Here I am with a classmate on the other side of the sinkhole.  Previous photo with the Park Naturalist was taken where the wood fence is located in front of the Old Water Tower.  That's how BIG this sinkhole is!


View as our group descends above the Spring.  See the Castle remains on top of the ridge in the upper right corner?


The Spring is the dark green/blue water under the rock ledge.  It is 70' deep and produces 60 million gallons of water per day.  Dye-tests show 120 square mile area drains water to this site. 



View along walkway approach to Spring.  The average water temperature is always 56-58 degrees.  Today the water is warmer than the air.  There is always green plant growth in the shallow waters and it never freezes close to the Spring.  

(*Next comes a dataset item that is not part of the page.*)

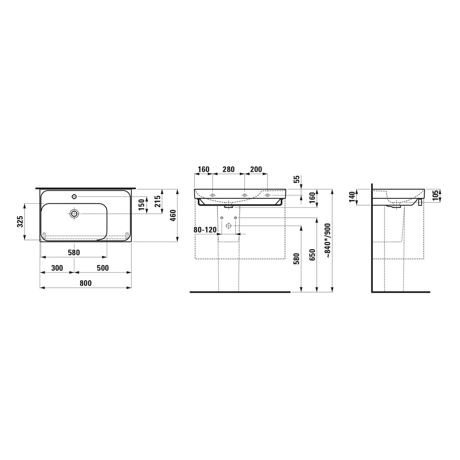 LAUFEN MEDA Waschtisch 80 x 46 cm, mit Hahnloch und Überlauf, Ablage rechts

This is the largest cave on the park.  When the park was first bought by the state in 1978, there were 20,000 bats counted by infrared cameras coming out at dusk.  Today the population is 120,000.  This can be attributed to gating the entrances to keep out predators and the shoot allows the bats to come and go naturally.  In early June, at dusk, anyone can come and sit on the steps/walkway nearby and wait for the many thousands of bats to come out.  This is a major location for reproduction.  

A Cave is a natural opening in the ground and is a geological feature; cannot have a cave without water.  The average temperature of caves in Missouri is 56 degrees with over 80% humidity.  Missouri is known as The Cave State because of the large number of caves; at least 6200.  Tennessee exceeds our count with 9000, but people are discovering about 100 more caves each year in Missouri.  Cave fish can live 60-70 years because there's no predators and they don't move around much so as to not expend energy; not much to eat.  There are 13-16 different species of bats.  People are no longer allowed to enter caves without special permits because White-Nose Syndrome is a fungus hurting the bat populations.  It doesn't affect people but people brought it here from Europe.  It is increasingly hurting bat populations and there is no cure.  Hopefully, a vaccine will be discovered for the bats.  The gray bat doesn't seem to be affected.

I've been to Ha Ha Tonka countless times since we moved to Missouri in 1978.  There is always something news to learn and see.  Just when I think I have seen it all, I see it again with new people and new perspectives and knowledge.  It is a great place to share experiences, knowledge and enjoy the camaraderie of new friends.